Thursday, January 12, 2017

E-Cigarettes May Cause Kids to Break into Homes and Turn to a Life of Street Crime, Physician Warns

An emergency medicine physician has warned that e-cigarettes may lead to kids breaking into homes and turning to a life of street crime in order to feed their addictions to serious drugs.

In a Huffington Post column, he claims that due to e-cigarette experimentation: "teenagers — and even younger children — are getting addicted early, which could lead to smoking, and e-cigs can easily become a gateway to trying and developing an addiction to more serious drugs. Addiction correlates to crime. People need to feed their habit, they break into homes to steal things to resell, they commit robberies on the streets, all to get money to feed their addiction."

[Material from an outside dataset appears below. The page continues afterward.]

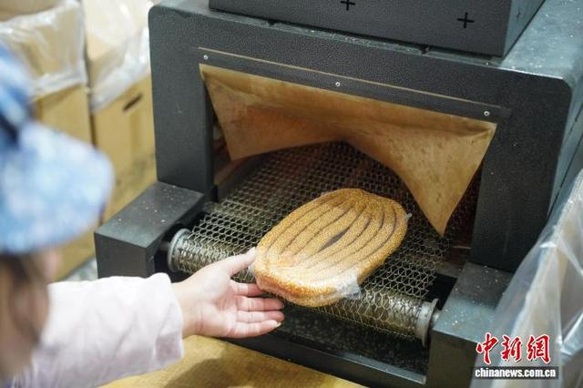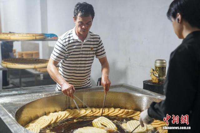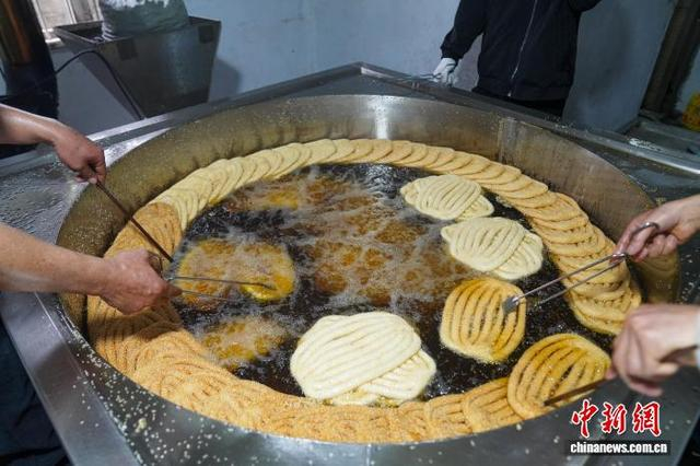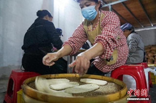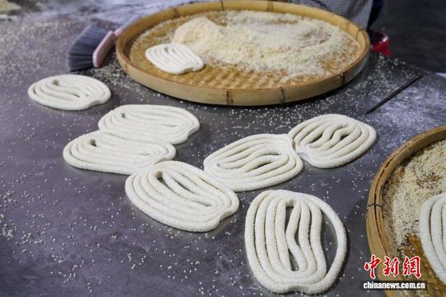 1月19日,广西贺州市富川瑶族自治县的一家粿条厂内,经过十余名工人揉搓、盘绕和油炸,一张张形似草鞋的粿条成型。粿条形似瑶族草鞋,承载着“亲友常走动”的文化寓意,每家每户过年期间都会准备几十斤至上百斤不等的粿条,用于接待或走亲访友,是当地重要的“年味”载体。富川瑶族油炸粿条技艺被列入广西壮族自治区第八批自治区级非物质文化遗产代表性项目名录。图为工人正在制作“草鞋”粿条。王以照 摄

In the column, the physician also claims that vaping causes popcorn lung: "We know that when inhaled, diacetyl causes a type of bronchitis known as “popcorn lung” — a scarring of the tiny air sacs in the lungs resulting in the thickening and narrowing of the airways."

To put the icing on the cake, he claims that smoking may not be any more hazardous than vaping: "The act of “vaping” is often thought of as a safer alternative to smoking, but that’s not necessarily the case."

The Rest of the Story

Not a day has passed in 2017 that an anti-tobacco group or health professional hasn't lied to the public about the health risks of e-cigarettes. The contestants for the 2017 Lie of the Year Award are already lining up in huge numbers, and it's only early January.

Just to set the records straight, there is no current evidence that e-cigarette experimentation leads to an addiction to smoking or any other drugs. There isn't even evidence that e-cigarette use causes nonsmoking youth to become addicted to vaping itself. The overwhelming majority of nonsmoking youth who have experimented with e-cigarettes have not become regular vapers. The proportion of nonsmoking youth who report having vaped in the past 30 days is substantial, but the percentage of those who vape daily - a pattern suggesting addiction - is very small. So it's a bit of a stretch perhaps to argue that a kid who tries an e-cigarette today will tomorrow be breaking into homes to feed a serious drug addiction.

There is also no evidence that vaping causes popcorn lung. Despite of the fact that there are millions of vapers in the U.S., there has not been a single reported case of popcorn lung among this population. Moreover, smoking itself has not been associated with popcorn lung, and cigarette smoking exposes users to levels of diacetyl that are hundreds of times higher than with vaping.

Finally, there is abundant evidence that smoking is far more hazardous than vaping. This is hardly surprising, since e-cigarettes do not contain tobacco and there is no combustion or smoke.

I'm sure this physician is well-intended and is just trying to protect kids from potential risks; however, I don't think we need to lie to kids or greatly exaggerate the risks. Not only is it inappropriate to lie to and mislead youth, but this strategy has been shown many times over not to work.

The rest of the story: Just remember, the kid you see blowing vape rings today in the school courtyard at recess will soon be a street criminal who is breaking into homes to feed an insatiable addiction to heroin. It's bubble gum and cotton candy vapes today, but it's smack tomorrow.